Kritik: Sacred 3


 

Bisher stand das vom verblichenen deutschen Entwicklungsstudio Ascaron erfundene „Sacred“ für komplexe und wunderbar nerdige Rollenspiel-Action. Wo „Das Schwarze Auge“ die deutsche Antwort auf „Dungeons & Dragons“ ist, da war „Sacred“ die auf „Diablo“. Leider hat Publisher Deep Silver jetzt versucht, die von deutschen Genre-Fans geliebte Marke fit zu machen für den internationalen Markt – mit dem Ergebnis, dass „Sacred“ jetzt weder den Ansprüchen der Fans noch denen neuer Kunden gerecht wird. Denn „Sacred 3“, das ist diesmal kein Action-RPG mehr, sondern ein unausgegorenes Koop-Kampfspiel – ein „Golden Axe“ mit einem Hauch von Rollenspiel. Während man der belanglos zusammen-geflickschusterten Geschichte des Fantasy-Reichs zwischen den einzelnen Levels lauscht (oder besser: man sie so schnel wie möglich wegklickt), wird im Spiel selber entweder alleine oder zusammen mit einem Online-Freund gekeilt, gehackt und gezaubert, unnd zwar auf allen Systemen vorzugsweise mit Joypad.

 

Die starke Seite von „Sacred 3“ geht neben all den Verfehlungen leider ein bisschen unter: Eigentlich ist das vom Frankfurter Entwickler Keen Games gebastelte Möchtegern-Action-RPG ein kompetenter und obendrein äußerst hübscher Brawler, der mit reichlich Extra-Attacken und prachtvollen 3D-Sets aufwartet. Mit der geflügelten Seraphin-Kämpferin Luftwellen durch die feindlichen Reihen schicken, kreischende Goblins als Khukuri-Bogenschütze mit Pfeilen spicken oder in Gestalt eines muskelbepackten Rasta-Safiris die Streitaxt kreisen lassen: Das macht auch alleine Spaß, doch Level-Design und Balancing sind ganz klar auf Koop-Gemetzel ausgelegt. Wer das Scharmützel trotzdem lieber alleine erlebt, der sollte sich nur unter dem niedrigsten Schwierigkeitsgrad in die geradlinigen Levels wagen, sonst wird’s ohne Begleiter ganz schön haarig.

 

 

Immer haarig ist dagegen der selten dämliche Humor des Spiels, der wohl das Nerd-Sprech der Vorgänger einfangen soll, am Ende aber nur grottenschlecht ist: Die per Telepathie mit den Charakteren verbundene „Einsatzleiterin“ liefert sich im Hirn der Helden verblödet Zwiegespräche mit Boss-Gegnern oder den Geistwesen, die jeder Spieler zwischen den Leveln mit seiner Figur verlinken darf.
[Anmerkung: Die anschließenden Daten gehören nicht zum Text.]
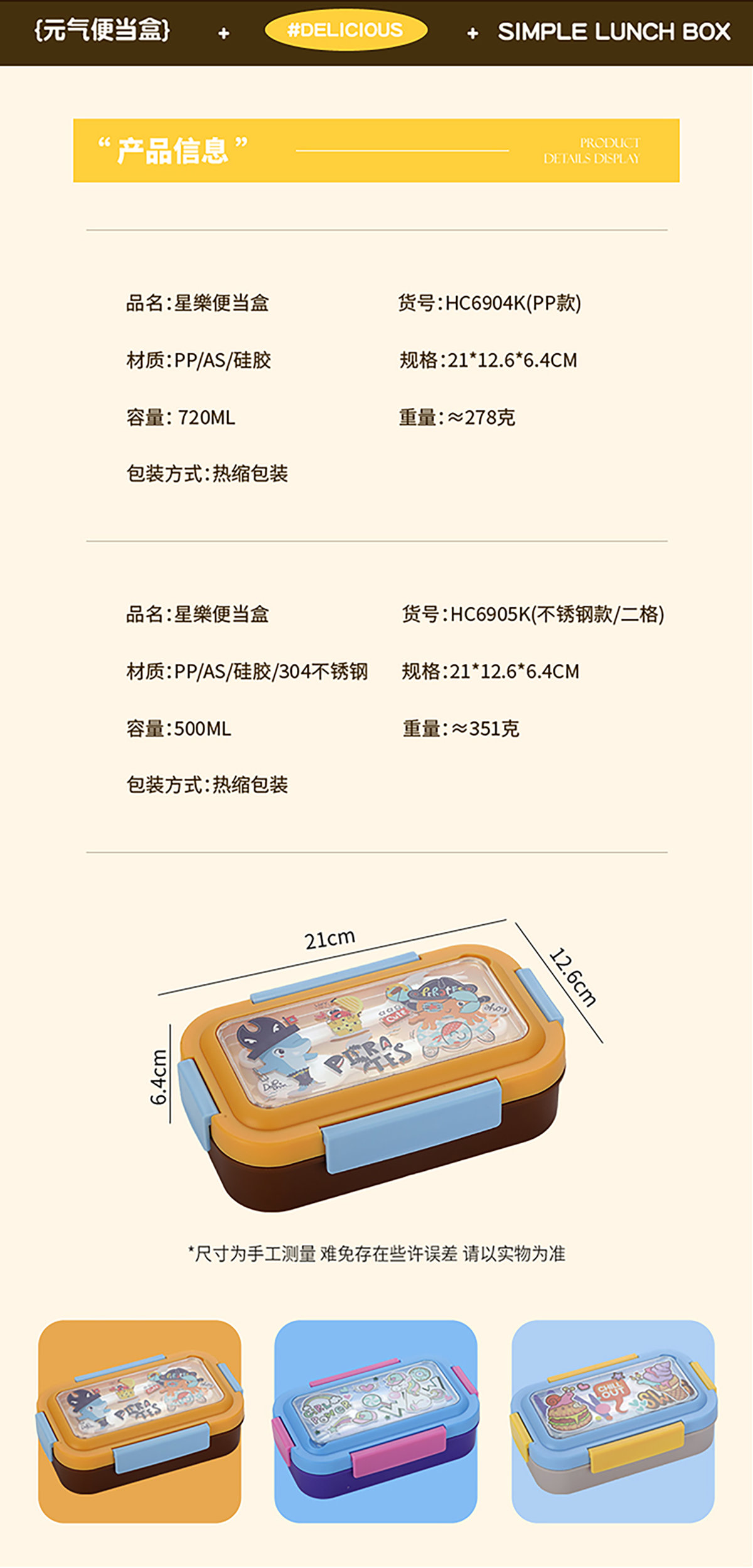 Size: SWY-HC6904K(PP款):210*126*64mm/740ml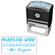 Este design de carimbo inspiracional mostra a mensagem motivadora "MARVELOUS WORK!" e um nome de professor personalizado. Ele também apresenta um caverno embaçado decorativo. Poderia ser usado por um professor ou educador ao marcar missões, para reconhecer que o aluno fez bem.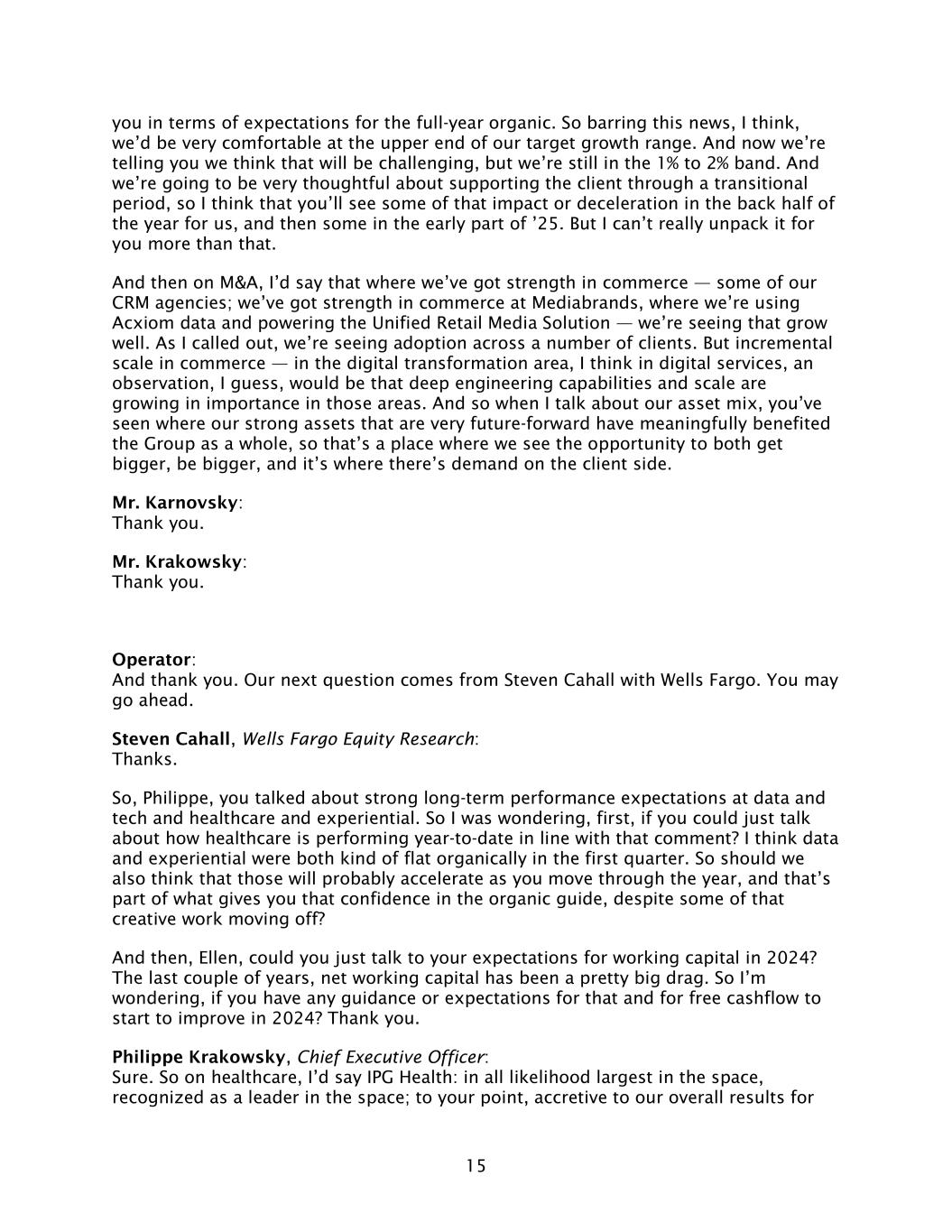 15 you in terms of expectations for the full-year organic. So barring this news, I think, we’d be very comfortable at the upper end of our target growth range. And now we’re telling you we think that will be challenging, but we’re still in the 1% to 2% band. And we’re going to be very thoughtful about supporting the client through a transitional period, so I think that you’ll see some of that impact or deceleration in the back half of the year for us, and then some in the early part of ’25. But I can’t really unpack it for you more than that. And then on M&A, I’d say that where we’ve got strength in commerce — some of our CRM agencies; we’ve got strength in commerce at Mediabrands, where we’re using Acxiom data and powering the Unified Retail Media Solution — we’re seeing that grow well. As I called out, we’re seeing adoption across a number of clients. But incremental scale in commerce — in the digital transformation area, I think in digital services, an observation, I guess, would be that deep engineering capabilities and scale are growing in importance in those areas. And so when I talk about our asset mix, you’ve seen where our strong assets that are very future-forward have meaningfully benefited the Group as a whole, so that’s a place where we see the opportunity to both get bigger, be bigger, and it’s where there’s demand on the client side. Mr. Karnovsky: Thank you. Mr. Krakowsky: Thank you. Operator: And thank you. Our next question comes from Steven Cahall with Wells Fargo. You may go ahead. Steven Cahall, Wells Fargo Equity Research: Thanks. So, Philippe, you talked about strong long-term performance expectations at data and tech and healthcare and experiential. So I was wondering, first, if you could just talk about how healthcare is performing year-to-date in line with that comment? I think data and experiential were both kind of flat organically in the first quarter. So should we also think that those will probably accelerate as you move through the year, and that’s part of what gives you that confidence in the organic guide, despite some of that creative work moving off? And then, Ellen, could you just talk to your expectations for working capital in 2024? The last couple of years, net working capital has been a pretty big drag. So I’m wondering, if you have any guidance or expectations for that and for free cashflow to start to improve in 2024? Thank you. Philippe Krakowsky, Chief Executive Officer: Sure. So on healthcare, I’d say IPG Health: in all likelihood largest in the space, recognized as a leader in the space; to your point, accretive to our overall results for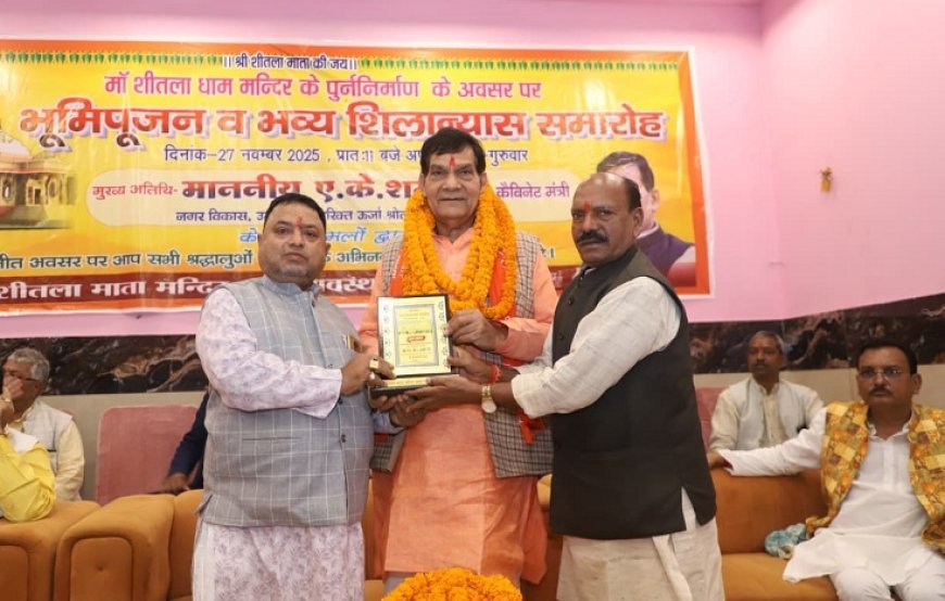 लखनऊ: नगर विकास एवं ऊर्जा मंत्री ए. के. शर्मा ने अपने मऊ प्रवास के दौरान आज ऐतिहासिक एवं आस्था के प्रमुख केंद्र शीतला माता मंदिर में व्यापक पुनर्निर्माण एवं सौंदर्यीकरण कार्य का विधिवत भूमि पूजन किया। भूमि पूजन के साथ ही मंदिर के नए स्वरूप के निर्माण कार्य का शुभारंभ हो गया है, जिसके पूर्ण होने के बाद यह मंदिर न केवल धार्मिक पर्यटन का प्रमुख केंद्र बनेगा, बल्कि स्थानीय विकास को भी नई गति देगा।मंत्री श्री शर्मा ने बताया कि नगर विकास विभाग की महत्वाकांक्षी वंदन योजना के अंतर्गत शीतला माता मंदिर के जीर्णोद्धार के लिए 2 करोड़ रुपये का विशेष योगदान स्वीकृत किया गया है। इस राशि से मंदिर परिसर का विस्तार, श्रद्धालुओं के बैठने एवं आवागमन की उचित व्यवस्था, बेहतर रोशनी, पेयजल, पार्किंग व सुरक्षा सुविधाओं का निर्माण किया जाएगा।
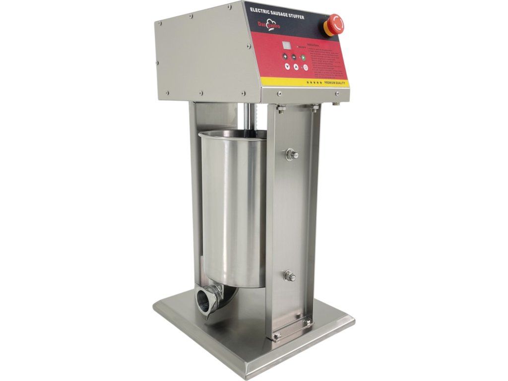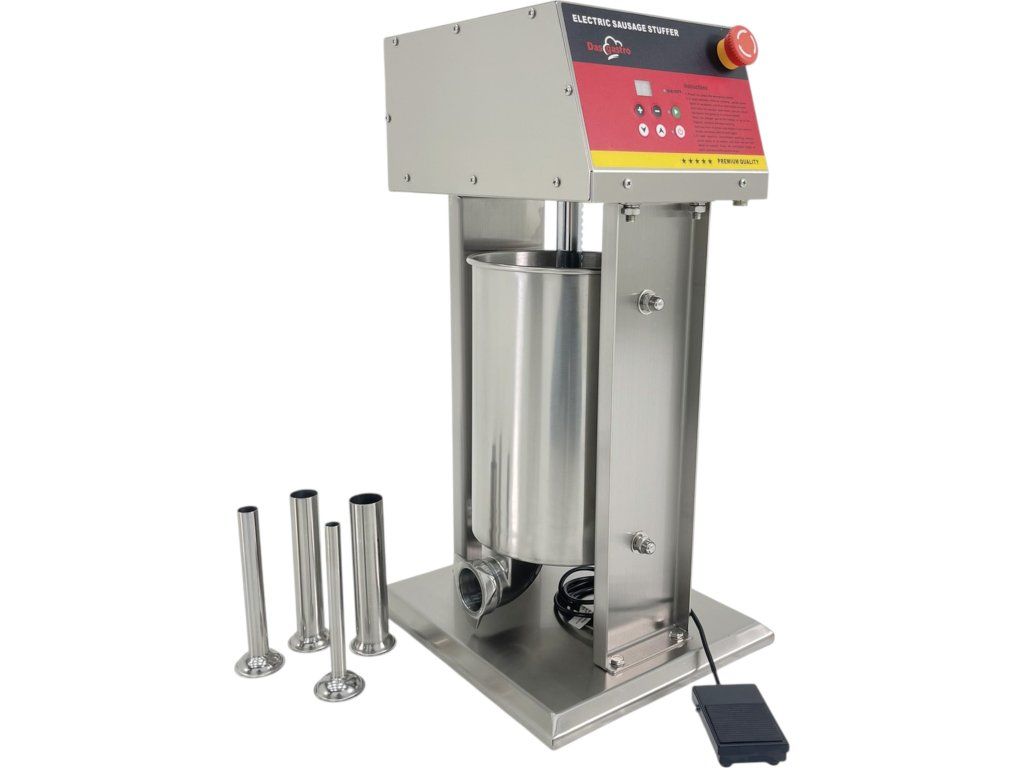 Elektrická plnička klobás s kapacitou 12 litrů určená pro rychlou a rovnoměrnou výrobu uzenin. Nerezová konstrukce AISI 304, tichý chod motoru a pohodlné nožní ovládání usnadňují práci při plnění všech typů střev. Stabilní stojící provedení a vysoká životnost dělají z tohoto modelu spolehlivé vybavení pro řeznictví, domácí výrobce i gastro provozy.

Leider sind Verslein wie „Wenn Ihr mein Flaggschiff nicht verteidigt, dann schicke ich Euch ohne Essen ins Bett!“ oder „Jetzt gehe ich erstmal Fischstäbchen essen, aber beim nächsten Mal zeige ich es Euch!“ dermaßen hochnotpeinlich, dass sie die an sich nette Atmosphäre empfindlich stören – zumal unsere „Geistbegleiter“ nur höchst selten die Klappe halten.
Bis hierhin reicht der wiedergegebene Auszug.